> _COLLECTED MATERIAL_:
"""
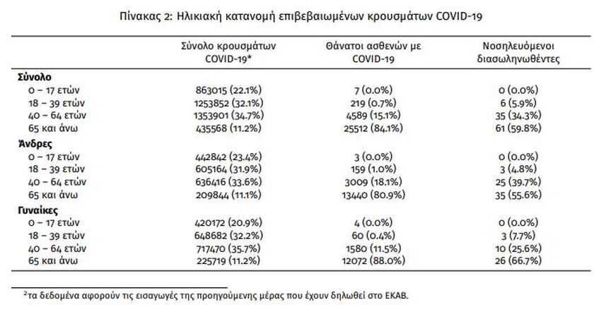 «Τα νέα εργαστηριακά επιβεβαιωμένα κρούσματα της νόσου (άτομα) που καταγράφηκαν τις τελευταίες 24 ώρες ήταν 9.360. Ο συνολικός αριθμός των ατόμων που νόσησαν ανέρχεται σε 3.729.199 (ημερήσια μεταβολή +0.2%), εκ των οποίων 48.6% άνδρες.
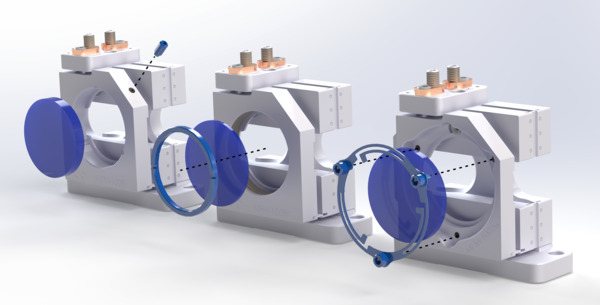 Top Adjust Flexure Mounts with Bi-Directional Clear Edge support optics in 0.5 inch, 0.75 inch, and 1.0 inch diameters, each tailored to accommodate different beam sizes. At a 45 degree angle of incidence, the maximum supported beam diameters are 3.2 mm, 6 mm, and 9 mm respectively. This range enables seamless integration into both compact and mid-scale optical systems, offering flexibility for diverse design requirements.
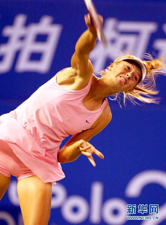 圖為2003年9月17日,莎拉波娃在上海女子網(wǎng)球公開(kāi)賽單打比賽中戰(zhàn)勝法國(guó)選手埃米麗·勞埃特,晉級(jí)下一輪。 新華社記者凡軍攝
"""
> _ACTION ITEM_: Please reproduce the lines above from the one containing "Top Adjust Flexure" through the final line, exactly and inclusively, leaving out each picture.

> _RESULT OF THE TASK_:
 Top Adjust Flexure Mounts with Bi-Directional Clear Edge support optics in 0.5 inch, 0.75 inch, and 1.0 inch diameters, each tailored to accommodate different beam sizes. At a 45 degree angle of incidence, the maximum supported beam diameters are 3.2 mm, 6 mm, and 9 mm respectively. This range enables seamless integration into both compact and mid-scale optical systems, offering flexibility for diverse design requirements.
 圖為2003年9月17日,莎拉波娃在上海女子網(wǎng)球公開(kāi)賽單打比賽中戰(zhàn)勝法國(guó)選手埃米麗·勞埃特,晉級(jí)下一輪。 新華社記者凡軍攝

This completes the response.